За Виктором - другие мальчики. Без журнала Чернышевский интересуется их фамилиями. Вот два брата Вороновых, это - Умнов, это - Песков, а тут - Мосолов, Шатилов. Смышленые лица в глазах светится ум и протест. Ни заспанности, ни тупости. Живые мальчишки, с ними дело пойдет.
"Вот кого должен я разбудить к жизни, к решительным действиям,- думает новый учитель. - Древний Пигмалион создал статую и оживил ее. Я буду новым Пигмалионом".
Приходят на ум старые библейские слова, когда-то заученные в семинарии: "И стало слово мое как уголь пламенеющий, и не могу удержать я его в себе".
С удивлением смотрят "смышленые мальчишки", что делает учитель. Прежде всего он отбрасывает в сторону старый учебник Кошанского. А они с прежним учителем, недавно умершим, остановились на том разделе этой книги, где говорится, что "критика в литературе - то же, что полиция в обществе: блюдет порядок, приличия, благопристойность..."
- Читали ли вы Пушкина? - спрашивает учитель.
- Нет,- с недоумением отвечают несколько голосов.
Такое же молчание и одинокие растерянные ответы следуют на вопрос о Лермонтове, Гоголе, Кольцове.
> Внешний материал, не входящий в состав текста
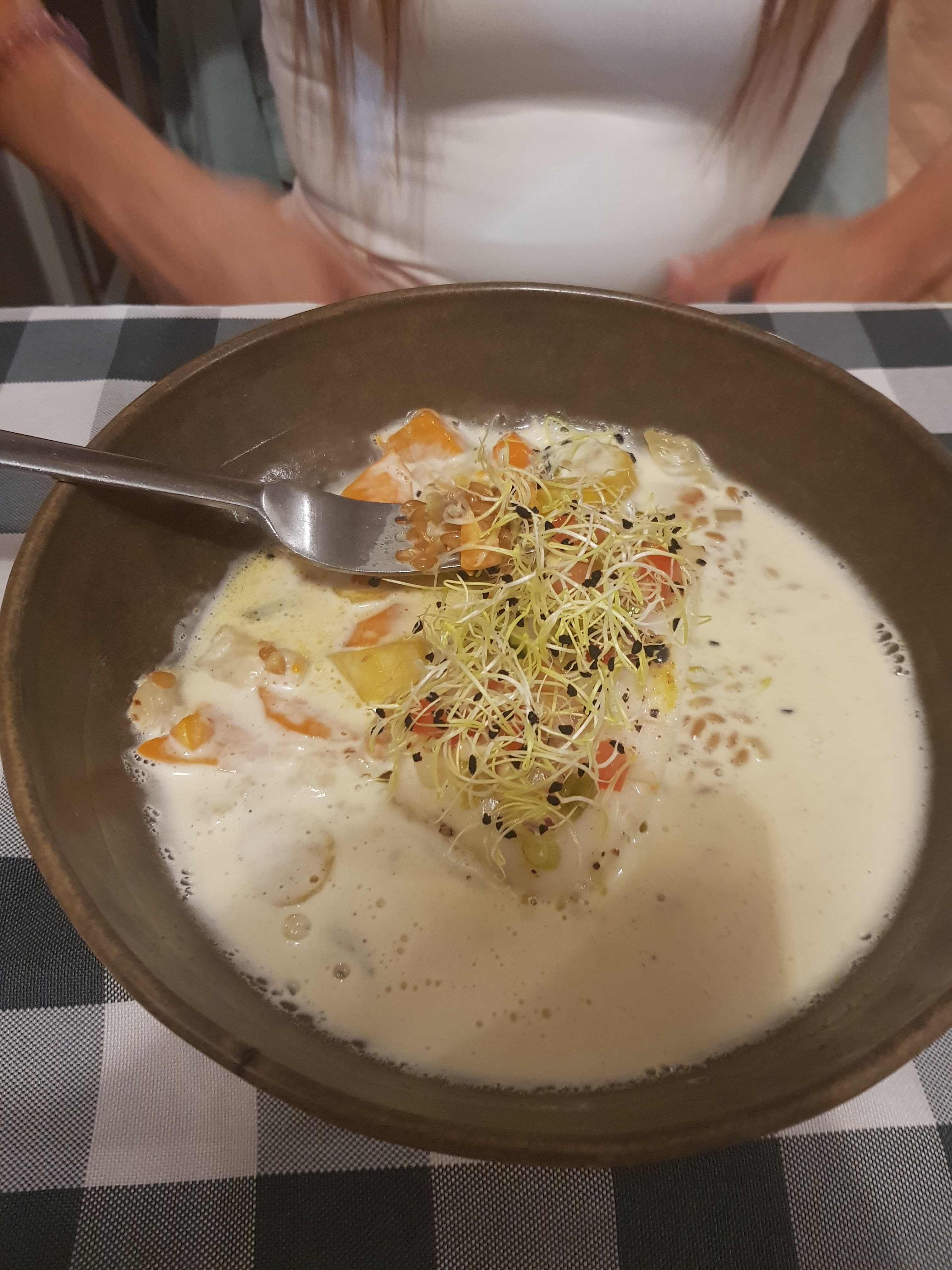 Très cher pour ce que c'est, faire payer un forfait par couvert en plus du menu est une arnaque, je cherchais un repas léger et rapide et visiblement ça n'a pas plu à la maison 🤑

- Хорошо,- говорит учитель.- Всех узнаете и не пожалеете. И грамматике они нас с вами научат.
В перемену к Чернышевскому подошел один из учеников: "Я немного знаю Пушкина".
- А что вы читали?
Это "вы" ошеломило гимназиста, он совершенно растерялся и не знал, что ответить.
Чернышевский протянул ему руку, прощаясь, и обещал:
- Завтра все вместе будем с Пушкиным.
На другой день весь класс с нетерпением ожидал урока русской словесности. Новый учитель говорит ученику "вы" и прощается за руку! И "критику-полицию" зубрить не задал. Неслыханное дело! Нет, такому словеснику булавку в стул не воткнешь, мух в чернильницу не напустишь.
Старая школа, старая школа! Бывший дворец саратовского губернатора! Мхом заросла твоя крыша, тленом пропитаны красивые твои колонны и гербы. Не угодливые чиновники самодержавной России должны выходить из твоих стен, а новые люди, борцы с троном и крепостным невольничеством! Все перевернуть в этих юных головах, вывести их на вольный белый свет!
С такими мыслями поднимался Чернышевский на другой день в гору, подходя к гимназии.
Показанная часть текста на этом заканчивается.